OLEH: ACHMAD NUR HIDAYAT
BERDASARKAN keterangan dari Menteri Keuangan Sri Mulyani Indrawati, bahwa kuota bahan bakar minyak (BBM) jenis Pertalite dan Solar kemungkinan akan habis pada bulan September dan Oktober 2022, dan anggaran subsidi dan kompensasi untuk BBM bersubsidi itu akan habis sebelum akhir tahun.
Menurutnya anggaran subsidi Pertalite dan Solar itu malah lebih banyak dinikmati oleh orang kaya. Seperti halnya Solar sekitar 89 persen atau Rp 127 triliunnya yang menikmati adalah dunia usaha dan orang kaya.
Khusus Pertalite dari anggaran Rp 93 triliun yang dialokasikan, sekitar Rp 83 triliun dinikmati oleh orang kaya. Masyarakat yang memang berhak mendapat subsidi dan kompensasi energi hanya menikmati sedikit. Artinya pemberian subsidi ini tidak tepat sasaran.
Jika subsidi dan kompensasi BBM ini sudah disalurkan tentunya Pertamina mempunyai modal untuk pembelian selain dari hasil penjualan BBM periode berjalan dan juga anggaran subsidi sebagai kompensasi BBM yang diterima.
Dalam hal ini, untuk modal pembelian tentunya bukan lagi masalah kecuali pemerintah kembali berhutang kepada Pertamina.
Permasalahannya bagaimana Pertamina bisa mengadakan kembali stok BBM dengan harga yang murah. Saat ini Rusia mempunyai persediaan minyak dengan harga yang murah walaupun kondisinya sedang di embargo oleh Eropa dan Amerika, dalam hal ini Pertamina bisa membangun kerjasama secara B to B dengan produsen minyak di Rusia.
Untuk subsidi BBM sendiri bisa dengan cara realokasi anggaran pembangunan IKN dan PMN kereta cepat. Karena subsidi BBM ini tentunya harus lebih diprioritaskan untuk terpenuhi guna mencegah inflasi. Dan menaikan harga Pertalite dan Solar bukan solusi yang bijak dan akan mendapatkan penolakan dari masyarakat.

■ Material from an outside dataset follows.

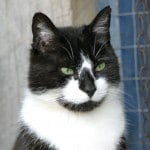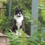 Patrick is a handsome black and white cat who has been living at the sanctuary for several years. Where did he come from? Nobody knows. This boycat suddenly appeared, he was wild at first and we couldn’t get near him. There was no chance of putting this fella into a pen and picking him up for a cuddle. He stayed around though and made himself at home, going in to the kitchen for biscuits and and eventually having a snooze curled up in a cat bed. He seems to be still a young cat, although he is very laid back, he is agile and deceptively innocent – this cat is the best mouser ever! He’s like a basking shark, lying around all day, posing for photographs, showing off his best side and his nice long whiskers – then the next moment he’s off on the chase. Mice and rats beware, Patrick has an enviable success rate and completely dispels the myth that male cats are couch potatoes. If the rodents decide to venture in to any of the outbuildings, Patrick will clear them off with skill and cunning. All cats are different and Patrick is an exception to almost every rule. No fuss or frolics from this serious thinker – his is a silent unfussy nature with not a meow so far. While he has no particular friends and doesn’t seem to pad round with us like many of the others in our extensive cat community, wherever we are, he suddenly appears – and always he is posing. One of his favourite spots is balancing on the gate post next to the cattery – or he’ll place himself by an attractive fern or sit by a clump of lavender, this cat is so stylish and suave, he’s almost unreal! Because he seems to get some of his diet from his hunting skills, he isn’t so bothered about the food we put out – pouches are for sissies! He’s deferential to the the lady cats, they can go first but he is alpha male and don’t let the other boys forget it.

Dalam hal ini stabilitas ketersediaan stok dan harga harus tetap menjadi prioritas, sebab kekurangan stok dan kenaikan harga keduanya mempunyai risiko dampak buruk yang sama di masyarakat berupa inflasi dan pelemahan daya beli masyarakat.
Jika memang stok Pertalite dan Solar akan habis, tentunya Pertamina harus segera mengadakan lagi untuk konsumsi selanjutnya. Hanya saja permasalahan keterbatasan stok BBM impor tentu terus menjadi persoalan dan pemerintah harus memberikan subsidi terus-menerus yang pola distribusinya akan sangat susah untuk tepat sasaran.
Menggunakan aplikasi MyPertamina pun belum tentu dapat menyelesaikan masalah dan mendatangkan permasalahan lain pada proses distribusi BBM di POM bensin, apalagi terjadi kerancuan jika Pertamina yang menentukan siapa yang berhak dan tidak berhak mendapatkan subsidi karena itu peranannya regulator, bukan eksekutor.
Kondisi ini semestinya dijadikan momentum oleh pemerintah untuk segera menjalankan program energi baru terbarukan dengan memanfaatkan konversi minyak nabati menjadi biofuel yang tidak hanya biosolar saja, tapi juga untuk pengganti Pertalite/Pertamax.
Tentunya jika program ini dijalankan secara maksimal, selain akan tercipta kemandirian energi, juga menjadi lapangan kerja baru bagi rakyat karena untuk memenuhi kebutuhan energi domestik saja perlu adanya lahan sawit yang luas dan pendirian pabrik-pabrik pengolah minyak nabati menjadi biofuel.
Tapi tentu saja BUMN yang harus ambil peranan dalam produksinya dari hulu hingga hilir karena jika dikuasai oleh oligarki, maka pemerintah akan kembali kesulitan dalam mengendalikan harga.
Dengan cara ini, pemerintah tidak akan terus-menerus dibayang-bayangi subsidi yang harus dikeluarkan secara besar-besaran yang distribusinya selalu tidak tepat sasaran.